In the study, the iPLS model was employed to identify the most useful wavelengths for predicting oil content in mustard seeds using Vis–NIR–SWIR spectra, with different spectral pre-processing procedures (Table 4). The results demonstrated that the iPLS model outperformed relevant, comprehensive models for oil content prediction, where superior performance was observed for Vis–NIR spectra and comparable performance for SWIR spectra. The performance for fatty acids prediction was also good except for C18:2 and MUFA (Vis–NIR) and C18:1 (oleic acid), C18:2 and PUFA (SWIR). It leads one to conclude that this model was able to predict the parameters without substantial performance loss.

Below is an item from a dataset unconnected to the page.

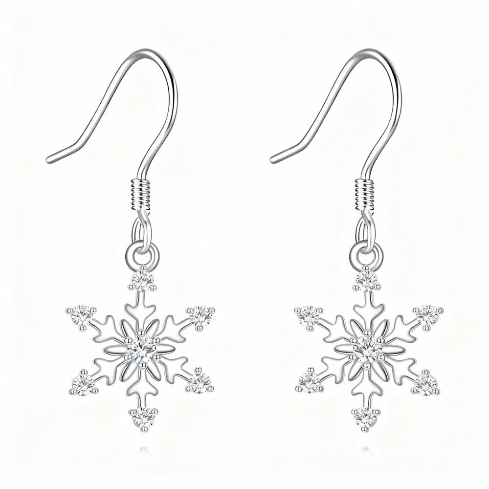 Discover the perfect blend of elegance and charm with our exquisite White Gold drop earrings featuring a captivating snowflake design.

Table 4 Prediction of oil content and fatty acid contents in mustard seeds from iPLS model using Vis–NIR and SWIR HSI spectra.

Full size table

The wavelengths identified using the iPLS model using an interval size of 2 for oil content prediction were 399–417, 770–815 and 860–866 nm with 3 LVs for Vis–NIR spectra, and 895–948, 962–976, 967–1020, 1034–1048, 1063–1068, 1082–1087, 1218–1223, 1237–1350, 1365–1370, 1384–1419, 1434–1498 and 1622–1627 nm with 6 LVs for SWIR spectra. For fatty acid components, the best iPLS model in case of Vis–NIR was predicted for C18:1 with 5 LVs wavelengths identified as 399–405, 770–789, 808–815 and 860–866 nm and saturated fatty acids in SWIR with 4 LVs wavelengths identified were 967–972, 986, 1306, 1320, 1419, 1498–1508, 1523–1528 and 1632 nm. It should be noted that the developed PLSR models may not be accurate when applied to external samples sourced from different varieties, harvest seasons, or were collected or stored in diverse environmental conditions^48,49,50. To ensure practical usability, it is crucial to recalibrate the PLSR models presented in this study regularly. This can be achieved by using newly harvested and prepared samples that have been subjected to various pre- and post-harvest conditions. Most of the wavelengths that played a significant role in predicting the mustard oil and fatty acid content in both PLS and iPLS models were found to be similar to those observed in the HSI spectra and identified in the PCA loadings. Similar findings have been reported to predict the oil content in maize kernel⁴⁶ and in various peanut varieties⁵¹.

The PLS model was used to determine the spread of oil and fatty acid content across the seeds in a hyperspectral image. This model was applied across each pixel of a hyperspectral image to generate prediction maps illustrating the distribution of oil-related compositional components. To assess the effect of different MW pre-treatments on mustard seeds, prediction maps relating to the oil and fatty acid content were generated for each image (Fig. 4a,b).

Conclusion

In this study, Vis–NIR–SWIR HSI systems together with associated chemometrics were used to quantify the oil content of microwave-treated mustard seeds and identify the fatty acid composition of mustard oil extracted from the seeds thereof. In comparison to Vis–NIR, the classification models created using SWIR HSI spectra, demonstrated better capabilities, with correct PLS-DA classification accuracy of 96.6 and 99.6%, respectively. The analytical results obtained by reference method used for these samples supported the predictions made for the oil and fatty acid content of mustard seeds.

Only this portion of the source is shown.